Reyes A E, Perez D R, Alvarez A, Garrido J, Gentry M K, Doctor B P, Inestrosa N C
Departamento de Biología Celular y Molecular, Facultad de Ciencias Biológicas, Pontificia Universidad Católica de Chile, Santiago, Chile.
Biochem Biophys Res Commun. 1997 Mar 27;232(3):652-5. doi: 10.1006/bbrc.1997.6357.

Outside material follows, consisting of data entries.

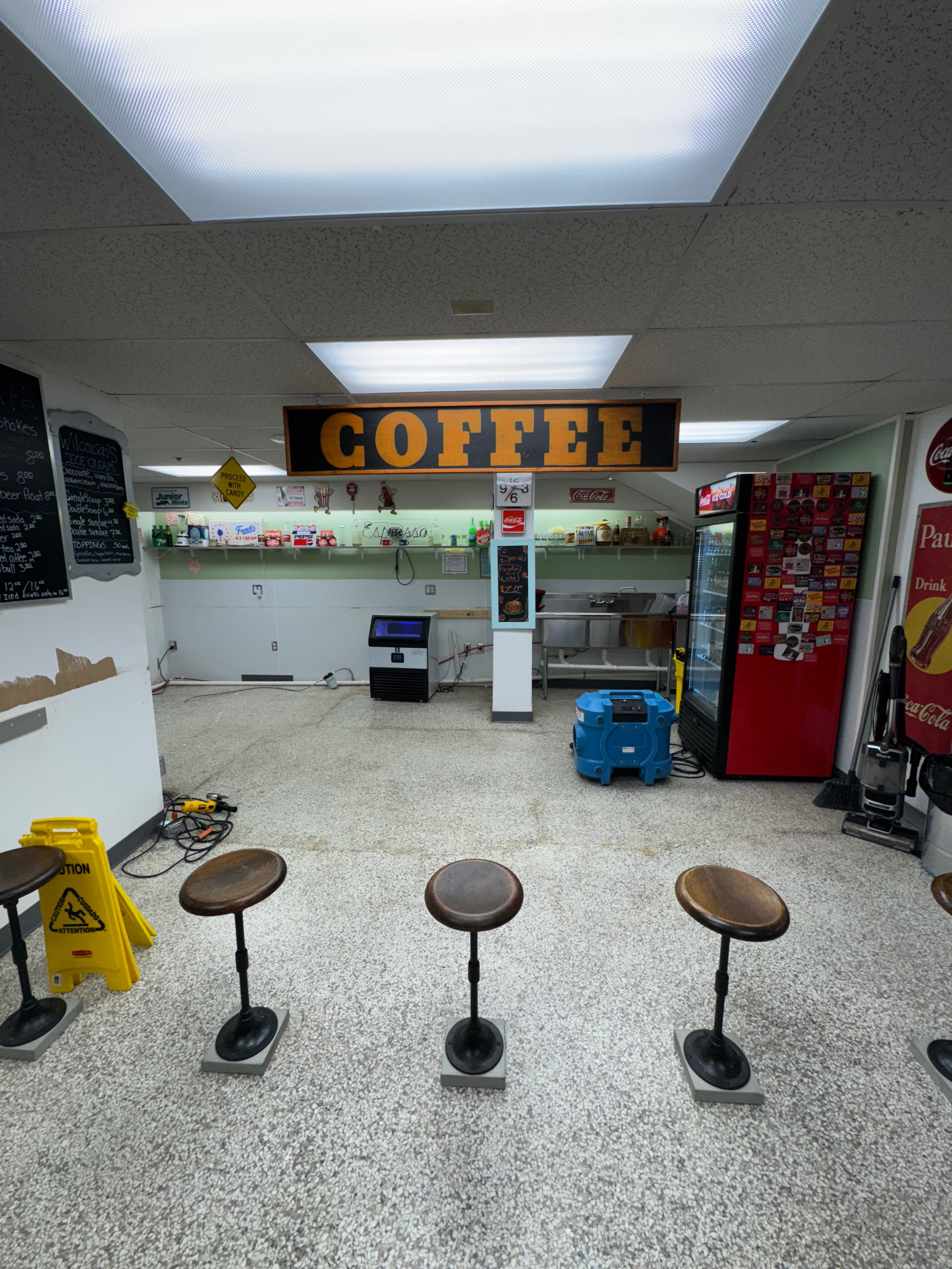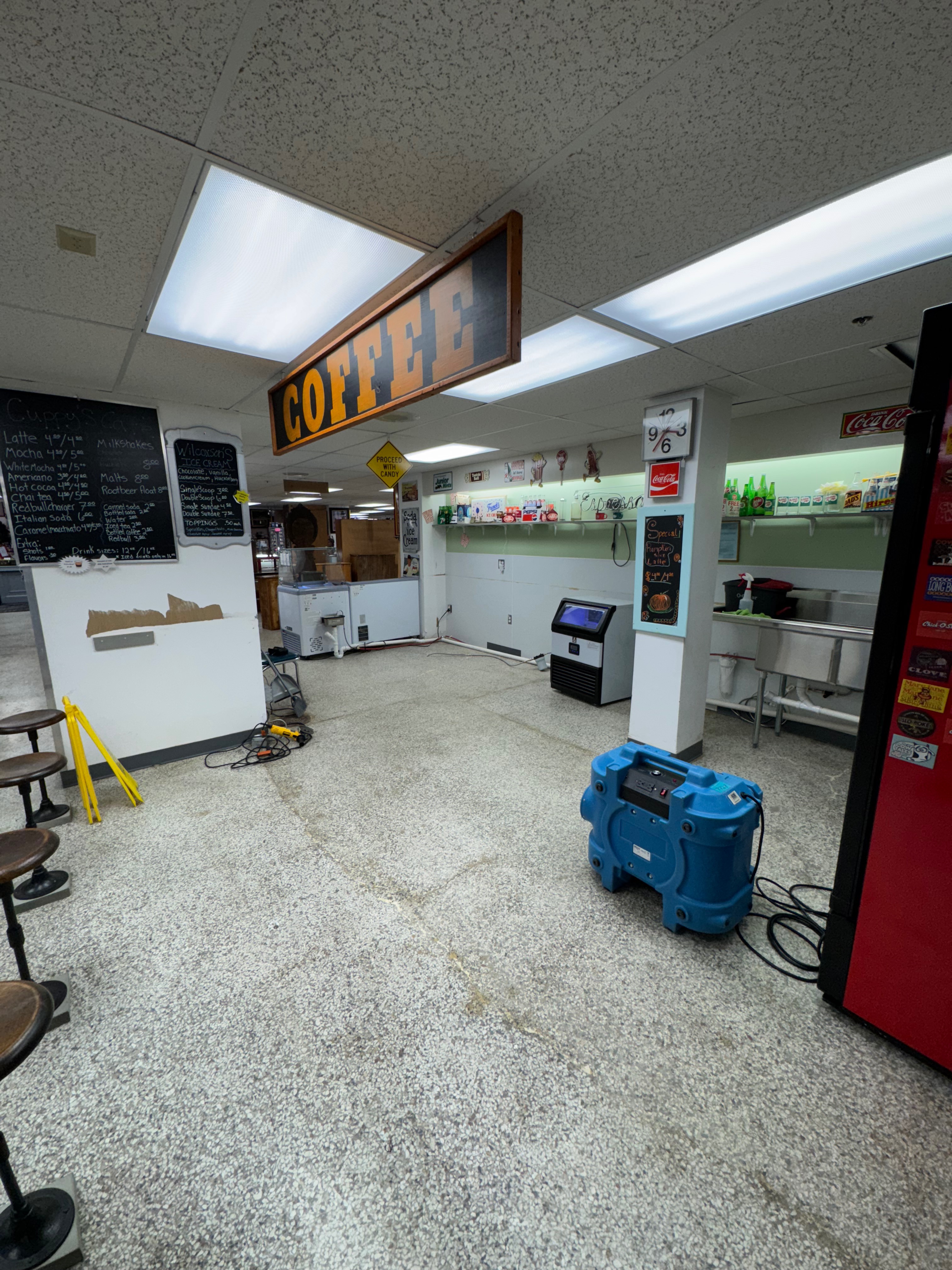 On Sunday the 12th, flood damage was discovered in several areas of the antique mall, with the most severe impact in the candy, popcorn, and coffee shop. Thankfully, Yesteryears has the support of our amazing landlords, who were able to get a restoration service in within hours of discovering the flooding.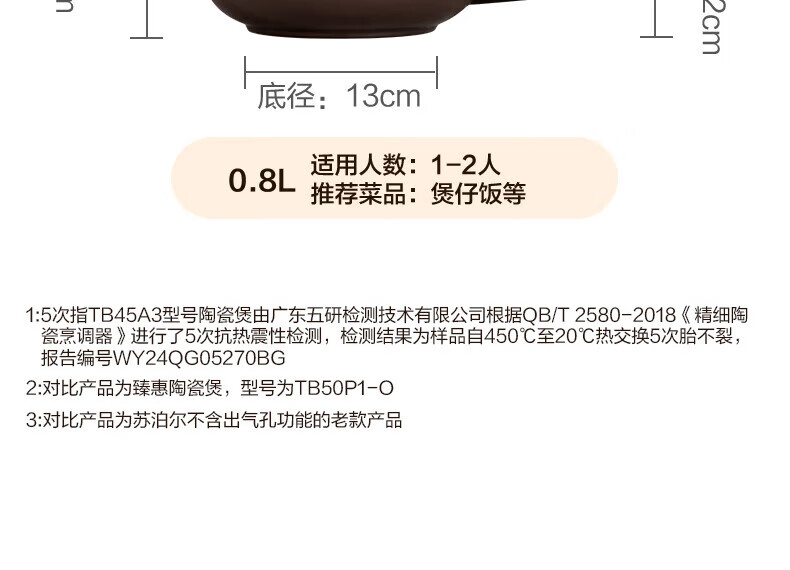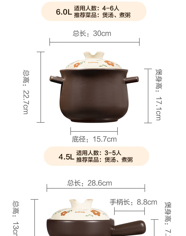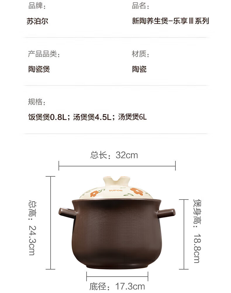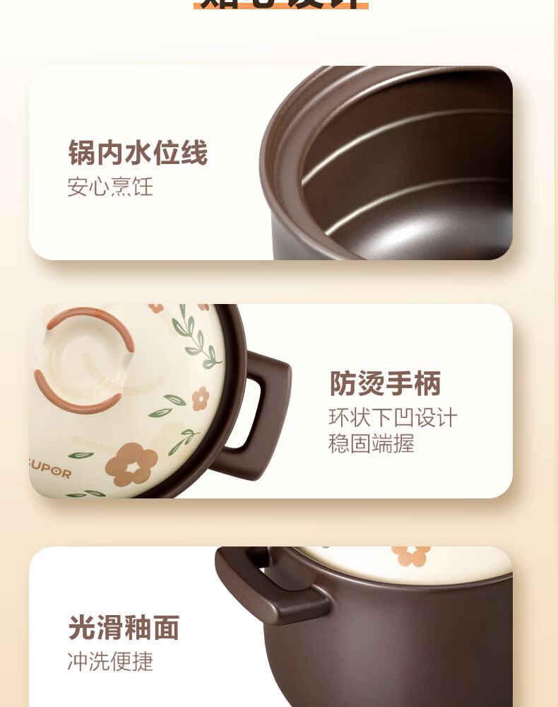 苏泊尔(SUPOR) 新陶养生煲·乐享Ⅲ系列·汤煲煲 TB45A3 4.5L 褐色(单位:个)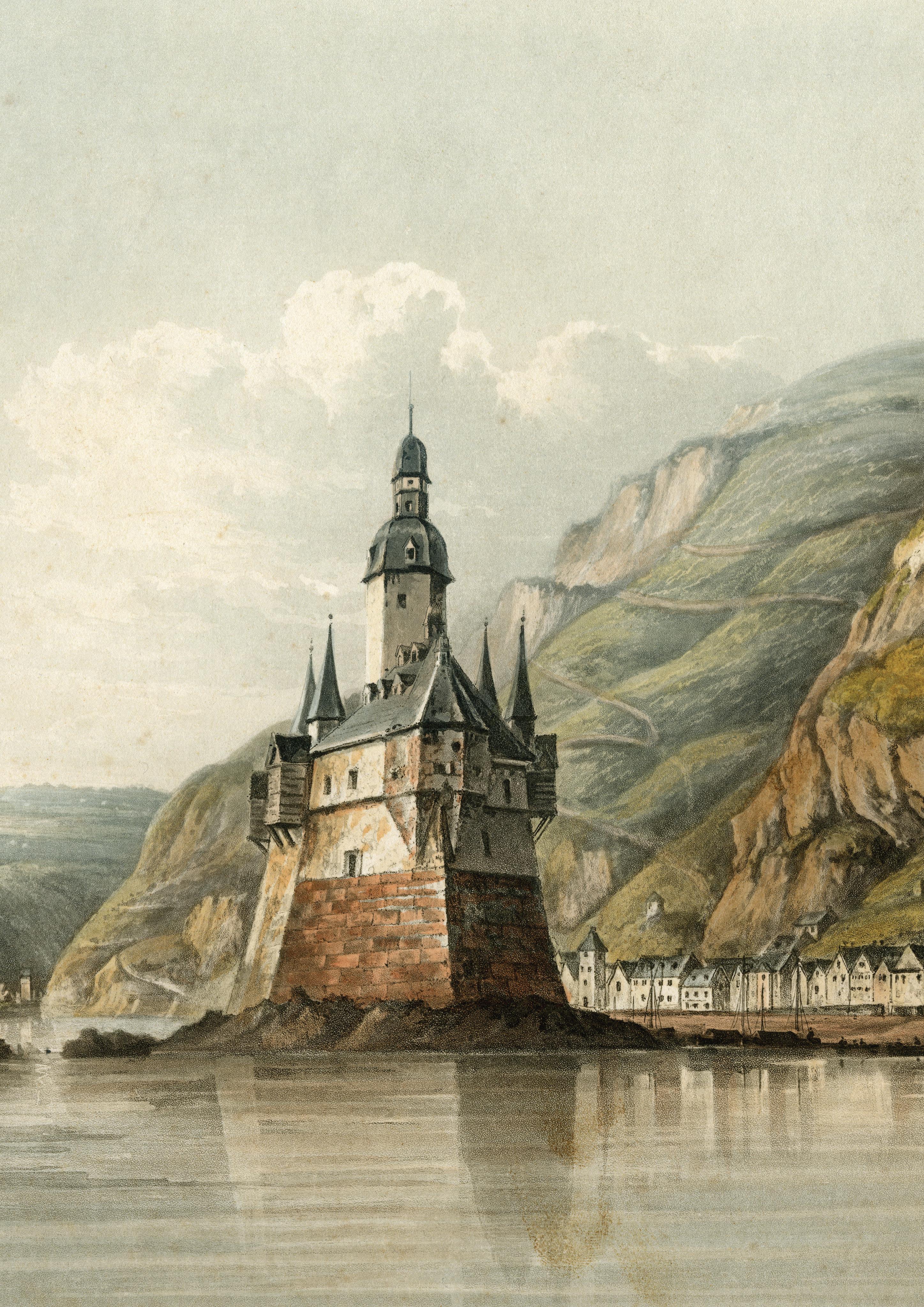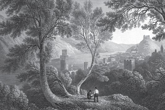 The Rhine at Oberwesel, engraving by Captain Robert Batty 1825.
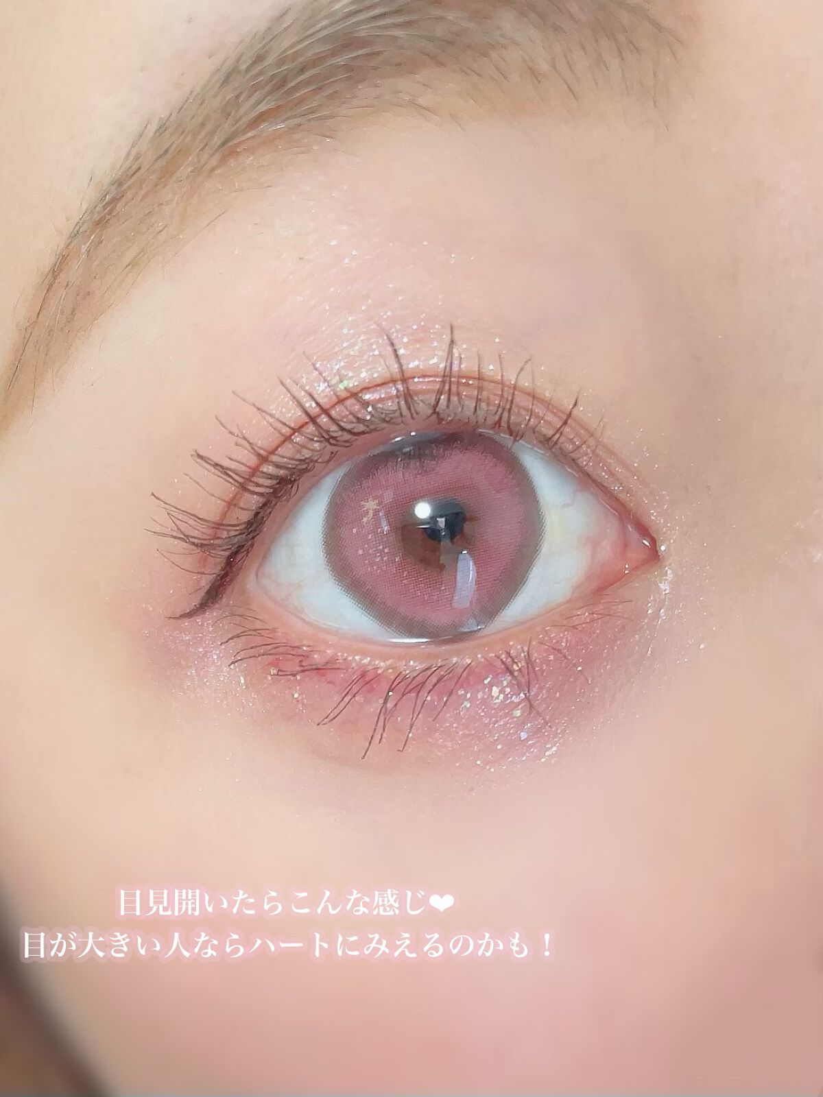 シマーアッシュベースにキューピッドピンクのハートデザインが唯一無二の可愛さを演出👼🏻💞 上下の厚みが違うらしくレンズが回らない😳 本当に回らなくてずっと可愛いハートのままだった 推し活やイベントにぴったりの個性派カラコン✨️ フチなしハーフっぽデザインにさりげないハートがとにかく可愛いの🪽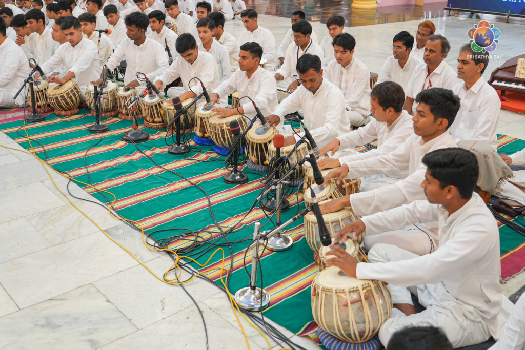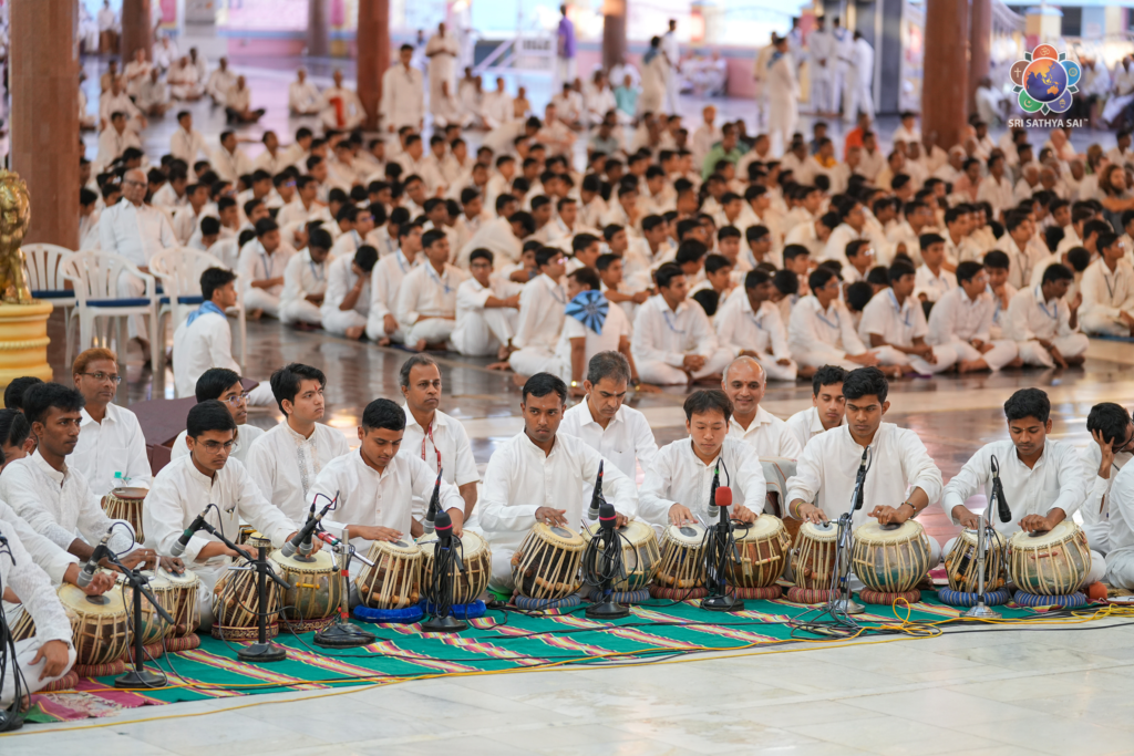 The Department of Performing Arts at SSSIHL presented ‘Sai Shiva Namostute’, a soulful musical offering at the Sai Kulwant Hall this evening that seamlessly blended technical mastery with deep devotion. The program commenced with an invocation to the Divine Mother through ‘Saraswati Ma,’ followed by the classic Thyagaraja Kriti ‘Shobhillu Saptaswara’ and a serene Hindustani ‘Chota Khyal’ in Raag Maru Bihag. The performance reached a vibrant peak with ‘Shankara Shiva Bhole’, featuring a dynamic solo by eight percussionists, before concluding with the energising ‘Shiv Shankar Ke Charano Mein’. Throughout the recital, the students demonstrated exceptional skill in classical improvisation, filling the atmosphere with a profound sense of peace and reverence for Lord Shiva.
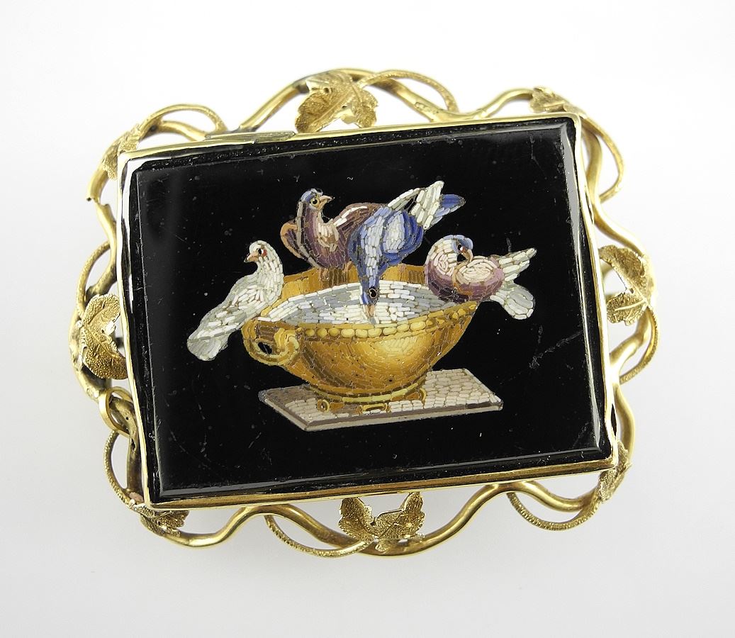 Italian Micro Mosaic "Pliny's Doves" Brooch in Gold Tone Frame, 2"w (scratches noted).

A monoclonal antibody (mAb) 25B1 directed against fetal bovine-serum acetylcholinesterase (FBS AChE) was used to examine the ability of the cholinergic enzyme to promote the assembly of amyloid-beta peptides (A beta) into Alzheimerś fibrils. This mAb binds to the peripheral anionic site of the enzyme and allosterically inhibits catalytic activity of FBS AChE. Several techniques, including thioflavine-T fluorescence, turbidity, and negative-staining at the electron microscopy level, were used to assess amyloid formation. Inhibition of amyloid formation was dependent on the molar ratio AChE:mAb 25B1, and at least 50% of the inhibition of the AChE promoting effect occurs at a molar ratio similar to that required for inhibition of the esterase activity. Our results suggest that mAb 25B1 inhibits the promotion of the amyloid fibril formation triggered by AChE by affecting the lag period of the A beta aggregation process.
一种针对胎牛血清乙酰胆碱酯酶(FBS AChE)的单克隆抗体(mAb)25B1被用于检测胆碱能酶促进β淀粉样肽(Aβ)组装成阿尔茨海默病纤维的能力。这种单克隆抗体与该酶的外周阴离子位点结合,并变构抑制FBS AChE的催化活性。使用了几种技术,包括硫黄素-T荧光、浊度以及电子显微镜水平的负染色,来评估淀粉样蛋白的形成。淀粉样蛋白形成的抑制取决于AChE与mAb 25B1的摩尔比,并且至少50%的AChE促进作用的抑制发生在与抑制酯酶活性所需摩尔比相似的情况下。我们的结果表明,mAb 25B1通过影响Aβ聚集过程的延迟期来抑制由AChE触发的淀粉样纤维形成。